Combating Censorship
Teachers, policymakers, parents, and librarians will find the following materials valuable in their efforts to combat censorship. These resources were developed by NCTE and SLATE (Support for the Learning and Teaching of English -- NCTE's intellectual freedom network).
(Please note that some documents are available in PDF form and Adobe Acrobat is required to open them.)
NCTE Resolutions
NCTE Position Statements and Guidelines
- "Students' Right to Read," which has been adapted as a model for processing censorship complaints in hundreds of school districts and English departments throughout the country (see especially, "Citizen's Request of Reconsideration of a Work," pp.12-13)
- "Guidelines for Dealing with Censorship of Nonprint Materials," developed in response to increased attempts at limiting teachers' use of students' access to films, video, and other nonprint materials
- "Guidelines for Selection of Materials in English Language Arts Programs," a preventive document; strong selection procedures and criteria ensure sound curriculum and are a buffer against future challenges
- "Defining and Defending Instructional Methods" presents rationales for methods that are sometimes challenged--journal writing, role-playing, whole language approaches, and others.
- and more
SLATE Starter Sheets and Newsletters
Browse the NCTE Catalog
Additional Support from NCTE and SLATE
Besides providing these materials, NCTE and SLATE offer assistance when particular censorship problems arise in a school or district.
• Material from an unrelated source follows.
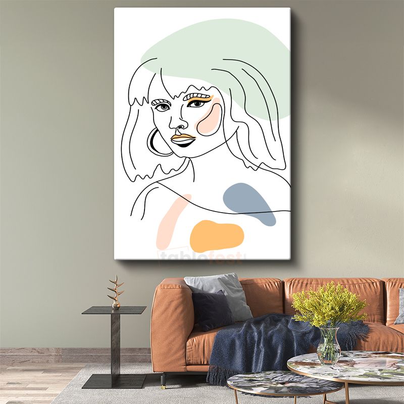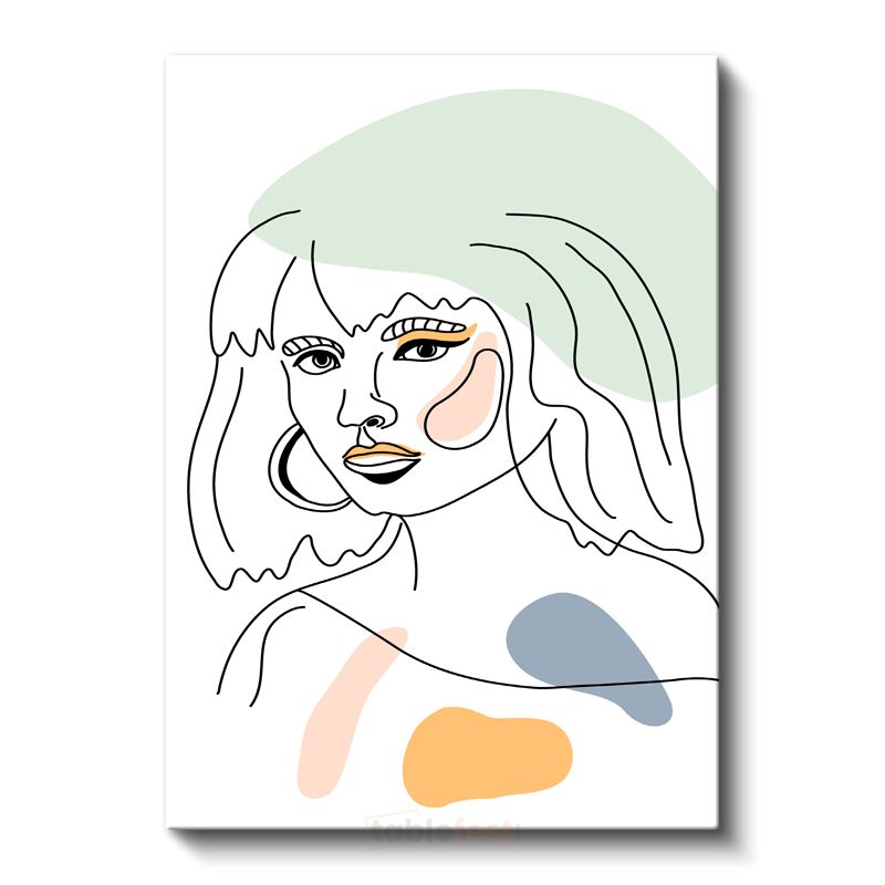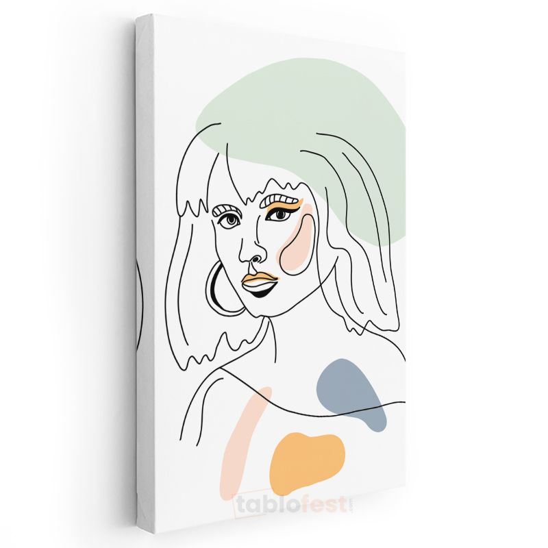 Zarif Çizgiler - Pastel Geometrik Şekillerle Kadın Portresi Kanvas Tablo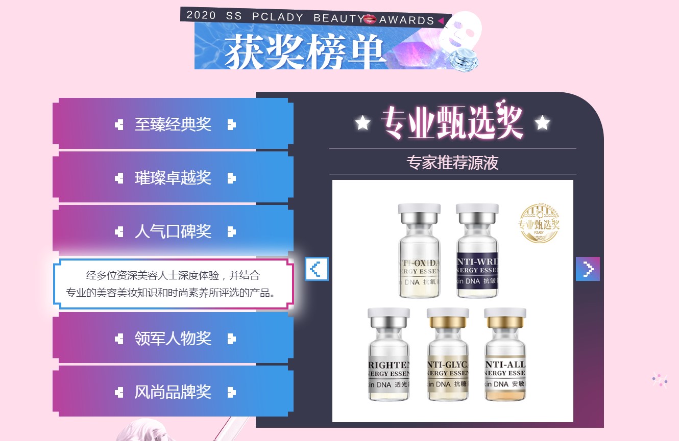 据悉,2020年度PCLADY美容风云榜年中榜汇集42个品类,300+品牌,共计1500余产品参与大奖评选。经由护肤美妆专家进行深度成分分析与体验测评,独家邀请护肤美妆专家老师解释成分背后的功效,为大家剖析高活成分的影响力;结合太平洋自有平台和全网其他平台的数据智能分析,综合网络热度点评、电商指数、消费者口碑反馈评选,蔓之研SkinDNA能量源液系列实力突围,成为专业护肤领域崛起新星。

Upon request from teachers, central office leaders, or parents, NCTE and SLATE send dozens of letters each year in defense of instructional materials that are under attack. Such letters--to curriculum review committees, superintendents, school boards, or other key people identified by local contacts--frequently have an impact on tipping the decision in favor of access over censorship. Also, materials from the SLATE collection of over 200 rationales for challenged books are sent to teachers when a particular work that they teach is being protested. See the NCTE Anti-Censorship Web site for more information.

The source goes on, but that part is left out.